About 300 workers at the Merita Bread plant in Orlando may soon be out of a job after the Hostess company filed for bankruptcy last week.

Merita Bread is produced by Hostess brands, and a small group of workers are on strike.

The store remains open for now, but with Hostess filing for bankruptcy, officials said the store may soon close.

Hostess, also the maker of Twinkies and Wonder Bread, is going out of business, closing plants, laying off its 18,500 workers and putting its brands up for sale.

The Irving, Texas-based company said a nationwide worker strike crippled its ability to make and deliver its products. Its brands also include Ding Dongs, Ho Hos and Dolly Madison.

Hostess had warned employees that it would file a motion in U.S. Bankruptcy Court to dissolve its business and sell assets if plant operations didn't return to normal levels by Thursday evening.

Workers in Orlando said they have been on strike since Saturday.

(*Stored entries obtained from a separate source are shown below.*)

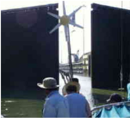
Lock doors open
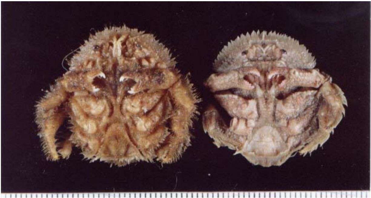
Figure 1. Hypoconcha parasitica (left), and Hypoconcha arcuata (right) without their attached shells.

Hypoconcha sp. (shellback crabs) are among some of the most interesting decapod crustaceans. As members of the Dromiidae family, these crabs have fourth and fifth walking legs that are modified to secure a bivalve shell on their back for protection. They can bear a fragment or a whole shell that is larger than their body size. Perhaps aided by pressure of its body against the shell, Hypoconcha sp. cling so tightly that removal from the shell without crushing it is almost impossible (Williams, 1984).
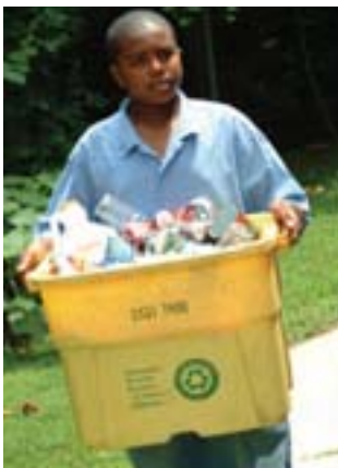
Recycling: part of Green Living includes sustainability, taking responsibility for the protection of our natural resources.
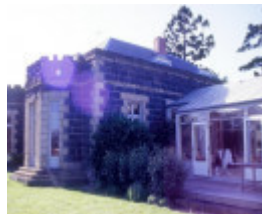
barwon bank riversdale road marnock vale newtown south east cnr she project 2004
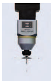
MPP-310Q Ultra-high accuracy and low measuring force type
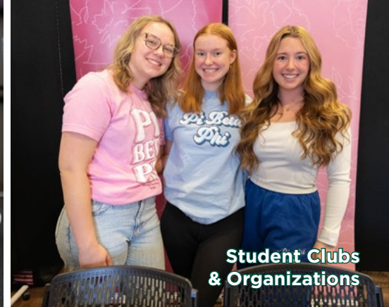
Student Clubs & Organizations
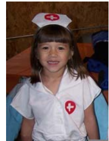
Lots of kids aspire to one day become doctors & nurses

Dear Doctors at the Penobscot Valley Hospital,
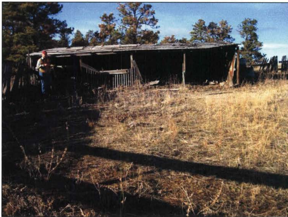
Figure 85. 25DW365, livestock shelter (Feature F10), facing north. on 12/03/2010.

They said they're not trying to get more money or benefits, but simply trying to hold on to what they currently have.

The workers said that since 2004, they have made concession after concession, and can't do it anymore.

Because of the strike, Hostess said it's closing down its factories and laying off thousands of employees.

Hostess has said that production at about a dozen of the company's 33 plants was seriously affected by the strike, and three plants were closed earlier this week.

"It's a shock to me because they're saying Merita Bread is closing down, and that's not right," said customer Jovan Gray.

Union officials told WFTV they plan to make a statement later Friday.

Hostess filed for Chapter 11 protection in January, its second trip through bankruptcy court in less than a decade.

"Many people have worked incredibly long and hard to keep this from happening, but now Hostess Brands has no other alternative than to begin the process of winding down and preparing for the sale of our iconic brands," CEO Gregory F. Rayburn said in a letter to employees posted on the company website.

He added that all employees will eventually lose their jobs, "some sooner than others."

Thousands of members of the Bakery, Confectionery, Tobacco Workers and Grain Millers International Union went on strike last week after rejecting in September a contract offer that cut wages and benefits. Hostess had already reached a contract agreement with its largest union, the International Brotherhood of Teamsters.

The company, founded in 1930, was fighting battles beyond labor costs. Competition is increasing in the snack space and Americans are increasingly conscious about healthy eating. Hostess also makes Drake's and Nature's Pride snacks.

Despite the struggles of Merita and Hostess, unemployment figures show October had the lowest jobless rate in four years.

The Orlando area was at 7.9 percent, down 2 percent from October 2011 and down .5 percent from September 2012.